§ Work request
Would you write out each line of the material below exactly, skipping every picture?

§ Collected material
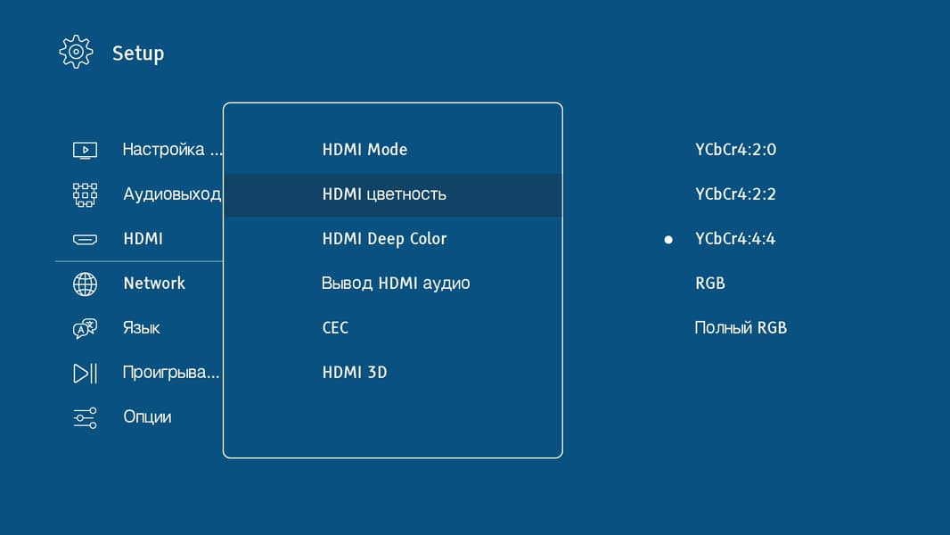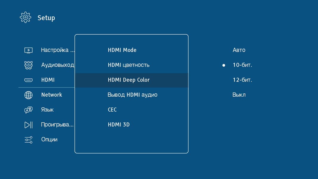 Следующий раздел называется HDMI. Он содержит параметры, которые (по идее) вполне можно было включить в раздел видеонастроек. Например, цветность и битовая глубина сигнала, или активация вывода 3D-картинки. Здесь же зачем-то повторяется настройка режима вывода аудио по HDMI.
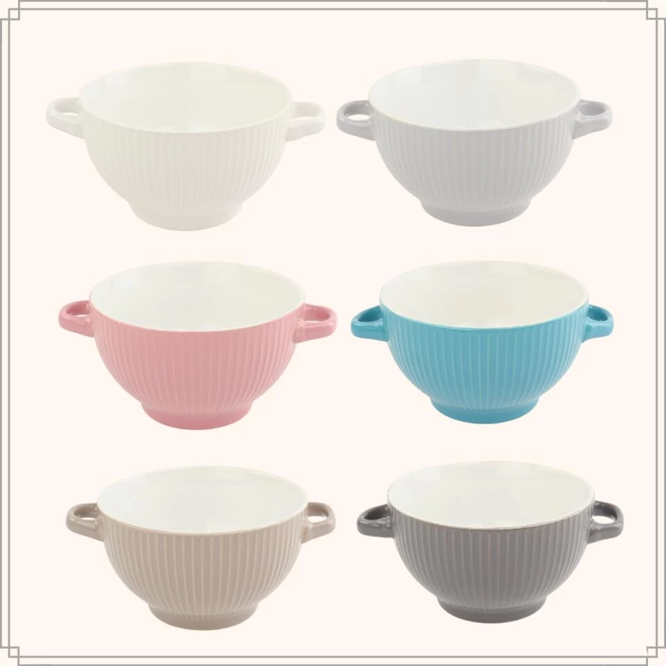 Deze soepkommen van OTIX zijn gemaakt van aardewerk. De soepkommen worden geleverd per 6 stuks. Elke kom heeft een inhoud van 680 ml. De kommen hebben aan beide kanten een oor. Hierdoor is het optillen van een kom gevuld met hete soep geen probleem. De kommen zijn geschikt voor in de vaatwasser.
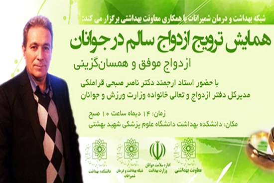 این همایش با هدف ارتقا آگاهی جوانان در خصوص انتخاب زوج مناسب و اهمیت همسان گزینی در پایداری ازدواج و با حضوردکتر ناصر صبحی قراملکی مدیرکل دفتر ازدواج و تعالی خانواده وزارت ورزش و جوانان در سالن اجتماعات دانشکده بهداشت دانشگاه علوم پزشکی شهید بهشتی برگزار خواهد شد.

§ Result for this task
 Следующий раздел называется HDMI. Он содержит параметры, которые (по идее) вполне можно было включить в раздел видеонастроек. Например, цветность и битовая глубина сигнала, или активация вывода 3D-картинки. Здесь же зачем-то повторяется настройка режима вывода аудио по HDMI.
 Deze soepkommen van OTIX zijn gemaakt van aardewerk. De soepkommen worden geleverd per 6 stuks. Elke kom heeft een inhoud van 680 ml. De kommen hebben aan beide kanten een oor. Hierdoor is het optillen van een kom gevuld met hete soep geen probleem. De kommen zijn geschikt voor in de vaatwasser.
 این همایش با هدف ارتقا آگاهی جوانان در خصوص انتخاب زوج مناسب و اهمیت همسان گزینی در پایداری ازدواج و با حضوردکتر ناصر صبحی قراملکی مدیرکل دفتر ازدواج و تعالی خانواده وزارت ورزش و جوانان در سالن اجتماعات دانشکده بهداشت دانشگاه علوم پزشکی شهید بهشتی برگزار خواهد شد.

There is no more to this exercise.